Will the Very Able Caine Expose the Devil Inside Trump's Garden of Paradise?
https://emptywheel.net/2026/05/12/will-the-very-able-caine-expose-the-devil-inside-trumps-garden-of-paradise/
Marcy Wheeler - Emptywheel
Many more details at Emptywheel.
WSJ reports it received a subpoena for the sources behind one of a number of stories
reporting Dan Caine's February warnings to Trump in real time.
The Wall Street Journal received grand jury subpoenas dated March 4 for records of Journal reporters.
The request related to a Feb. 23 article that reported that Gen. Dan Caine, the chairman of the Joint Chiefs of Staff, and others at the Pentagon warned the president about the risks of an extended military campaign against Iran. Other news outlets, including Axios and the Washington Post, published similar stories that day. Trump launched the war five days later, on Feb. 28.
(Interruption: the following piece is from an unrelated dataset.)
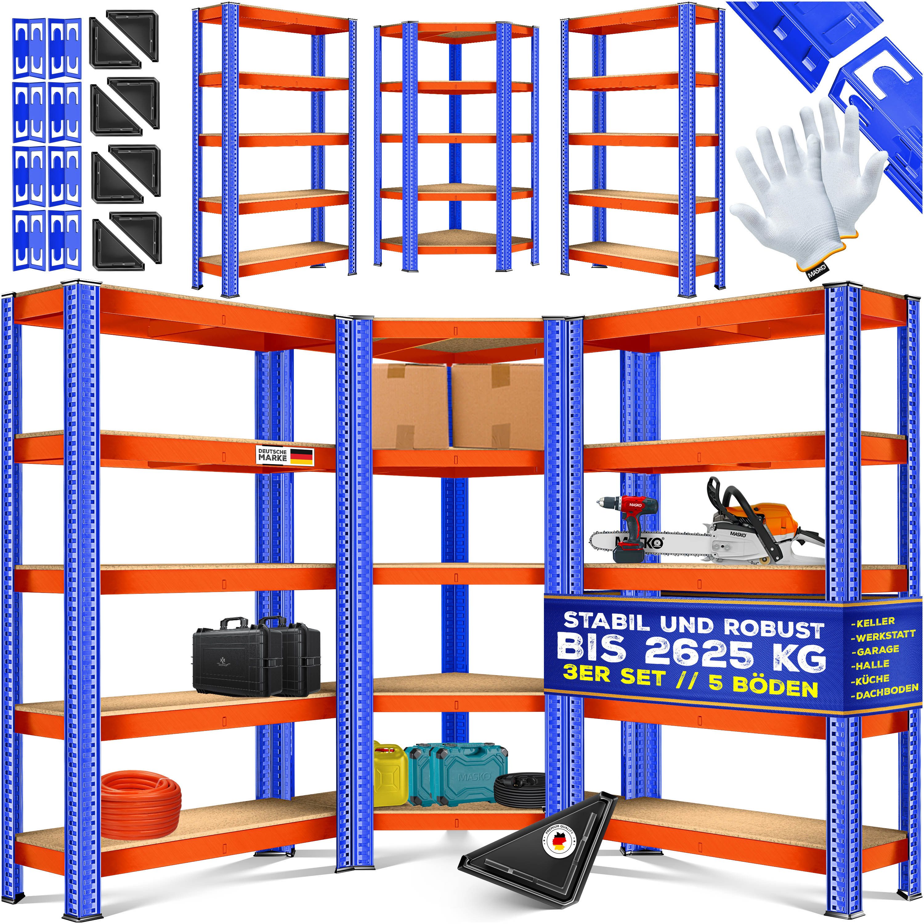 Mit dem KESSER 3er Set-Regalsystem nutzen Sie Ecken optimal aus, und bringen mehr Ordnung und Übersicht in Lager, Werkstatt , Garage

In a statement, Ashok Sinha, the chief communications officer of Dow Jones, which publishes the Journal, said: "The government's subpoenas to The Wall Street Journal and our reporters represent an attack on constitutionally protected newsgathering. We will vigorously oppose this effort to stifle and intimidate essential reporting."
Representatives of the Washington Post and Axios declined to comment.
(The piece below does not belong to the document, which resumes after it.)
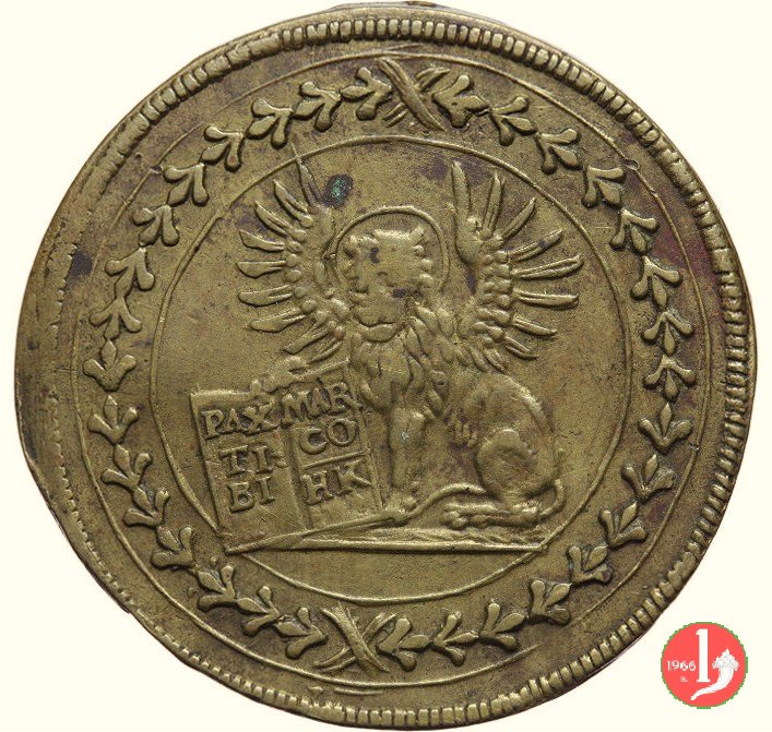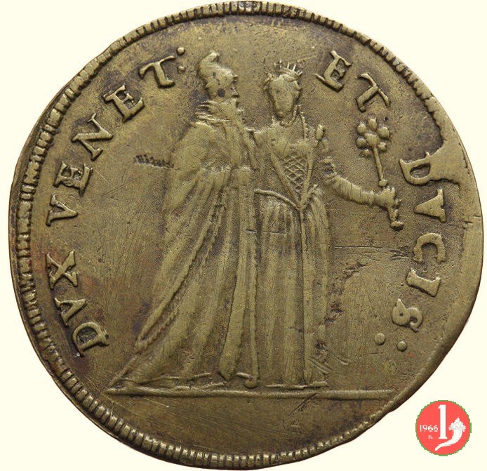 Gettone di conto -V725 Dritto: entro cornice floreale fermata da nastri incrociati, in alto e in basso: Leone di San Marco nimbato a sx, di fronte, ad ali spiegate, regge libro aperto con iscrizione: PAX = TI = BI _ MAR = CO = - = HK Verso: DVX VENET Il Doge con mantello e corno dogale e la Dogaressa coronata con scettro a fiore in piedi | |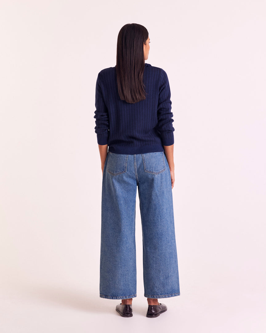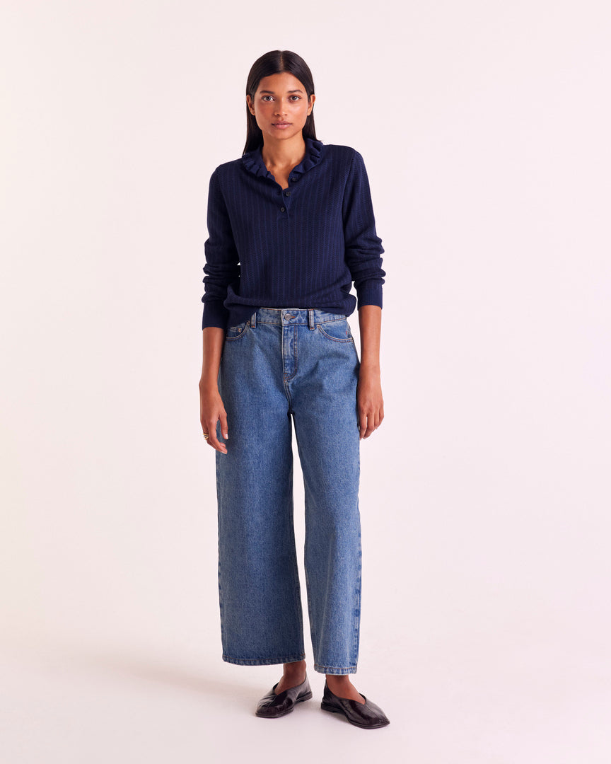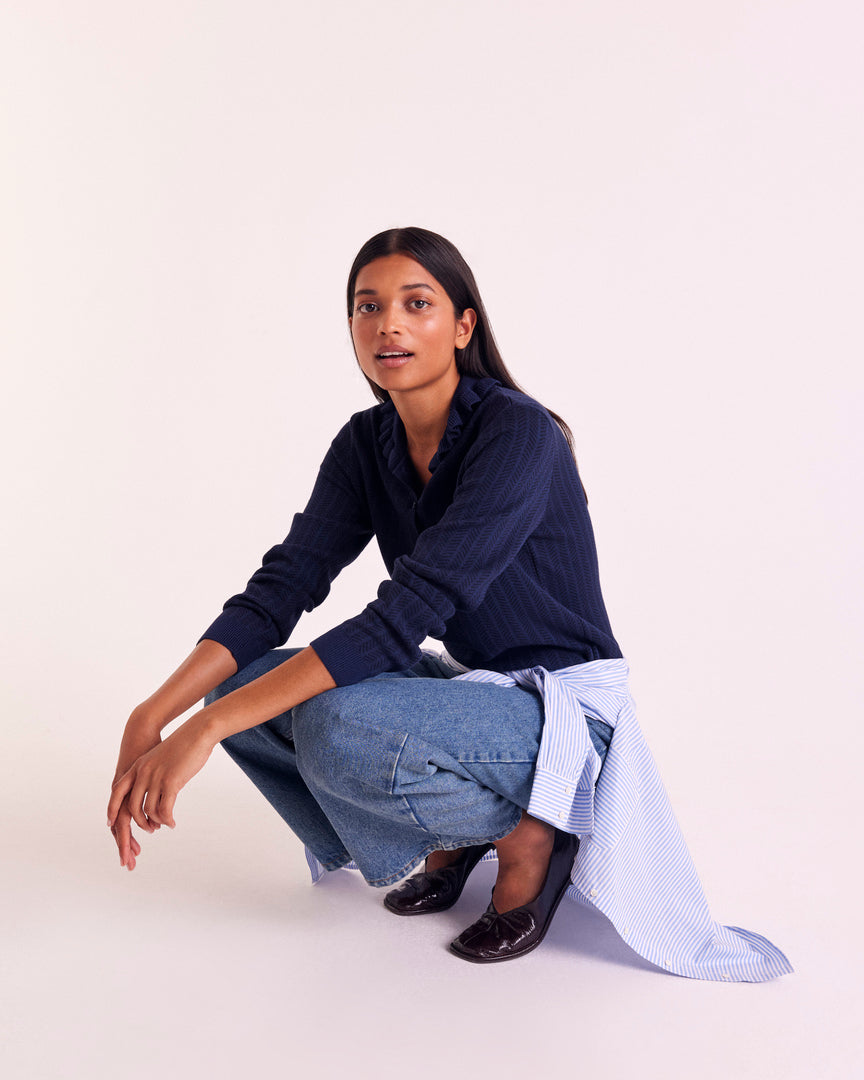 With its playful textures and classic navy color, Tadéo stands out with its meticulous details. A must-have piece for an elegant and modern wardrobe.

Last month, officials said, Trump was specifically angry about an April 7 article in the New York Times that outlined how Israeli Prime Minister Benjamin Netanyahu pitched Trump on bombing Iran. That reporting provided vivid detail about senior-staff meetings on the topic, including ones in the secretive Situation Room. It described how U.S. intelligence officials skeptically viewed Netanyahu's argument for a war that would end in regime change.
A spokeswoman for the Times declined to comment.
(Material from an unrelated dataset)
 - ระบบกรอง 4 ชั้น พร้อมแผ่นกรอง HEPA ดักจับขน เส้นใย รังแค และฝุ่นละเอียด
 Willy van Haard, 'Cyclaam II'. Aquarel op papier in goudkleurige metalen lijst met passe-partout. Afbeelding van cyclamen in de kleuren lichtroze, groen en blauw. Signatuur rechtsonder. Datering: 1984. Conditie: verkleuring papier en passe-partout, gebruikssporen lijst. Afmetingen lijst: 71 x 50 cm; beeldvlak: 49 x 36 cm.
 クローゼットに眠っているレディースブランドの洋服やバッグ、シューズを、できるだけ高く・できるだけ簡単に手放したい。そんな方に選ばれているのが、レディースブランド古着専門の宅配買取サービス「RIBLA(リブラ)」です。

In recent months, prosecutors have sent subpoenas to media organizations as well as to email and phone providers seeking information in leak inquiries, according to people familiar with the requests.
Much of the WSJ story, as well as this CNN story matching parts of the WSJ one, cover more recent reporting on the rescue of two airmen shot down inside Iran, at least one of which Trump labeled as "treason" and ordered DOJ to investigate. I may return to that, but it's worth noting that the rescue on which those stories was based was detailed in real time by OSINT investigators and Middle Eastern sources, with substantive details provided by former Special Forces soldier turned journalist Jack Murphy. The rescue story was in no way exclusively reliant on senior level access journalism.
The earlier set of stories, about Dan Caine, presumably were. And for all the alarm about further infringements on journalism, which are utterly justified and will be others' focus, it's the access journalism angle of this that make the tactics interesting.
Trump could be, wittingly or not, investigating his top aides. Indeed, given that DOJ has been investigating at least some of these stories for two months, it's worth asking whether Trump believes some of his White House aides are working the press for political or influence operation reasons.